Personally, I would very much favor the first alternative: wider roadways, and narrower sidewalks.
Shockingly, I have heard from otherwise sober business and family men and women a long litany of excuses and reasons for this terrible driving culture. Most of these excuses boil down to the same thing: I want to get there first! Whether this is a result of the underlying culture of Ukraine, which does not seem to be born out by the evidence, or the result of a perverted system of driver education and licensing, I cannot say, but I can say that the existing system could - and should be - revised on an urgent basis.
When I first came to Ukraine in the early 1990s none of these observations would have been warranted. But having left Ukraine and then returned after an eight-year absence, I found this devastating driving culture already much in place and it has continued to deteriorate.

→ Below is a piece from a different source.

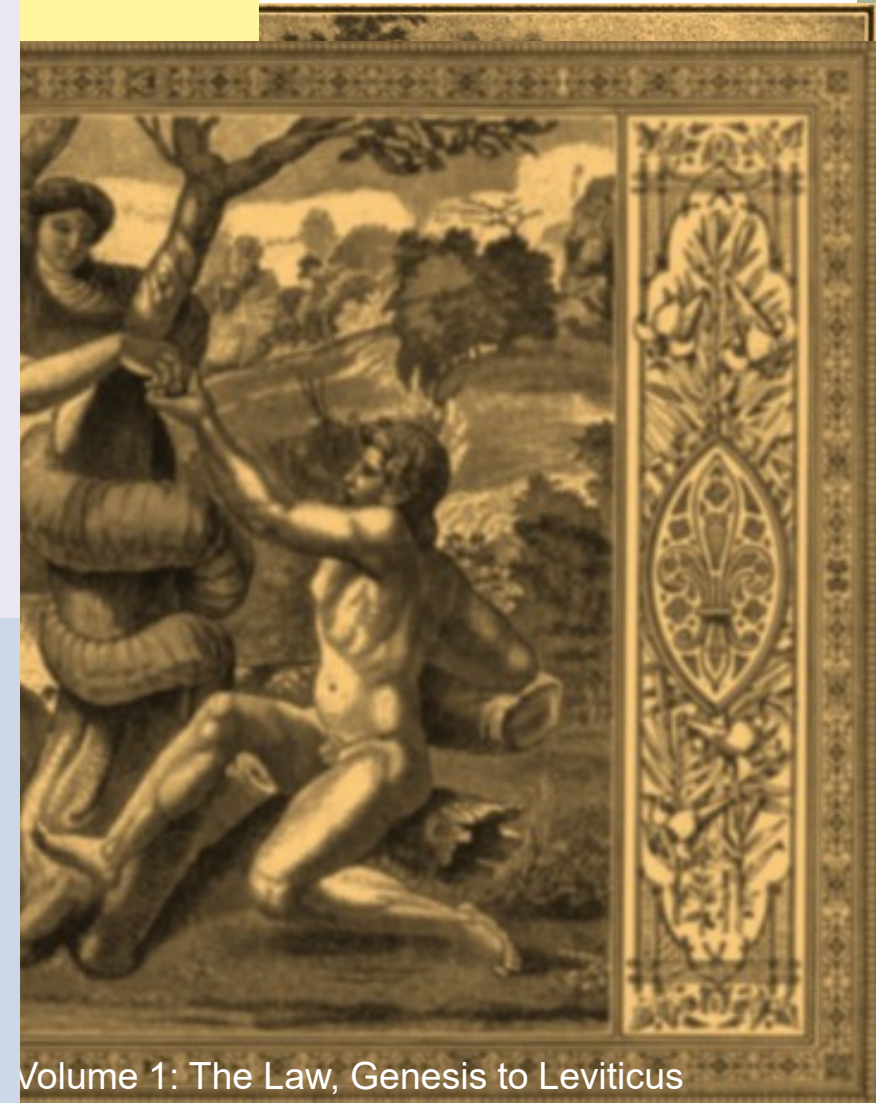
Volume 1: The Law, Genesis to Leviticus

This deterioration occurred over a decade and it would probably require another decade of serious and sustained improvement in traffic conditions to bring Kyiv to the level that it would need to support its growth and prosperity. Unfortunately, the city administration's priorities remain fixated on pell-mell growth, with little serious effort to make the hard decisions that are needed to improve the lives of city's citizens.
Safety and confidence of the local pedestrian population aside, one wonders how the sight of our crazy, selfish and unhindered drivers impresses foreign visitors, especially the well-heeled tourist who we hope will return again and again, but also the well-intentioned business investor who is contemplating establishing a business here - in this asphalt jungle.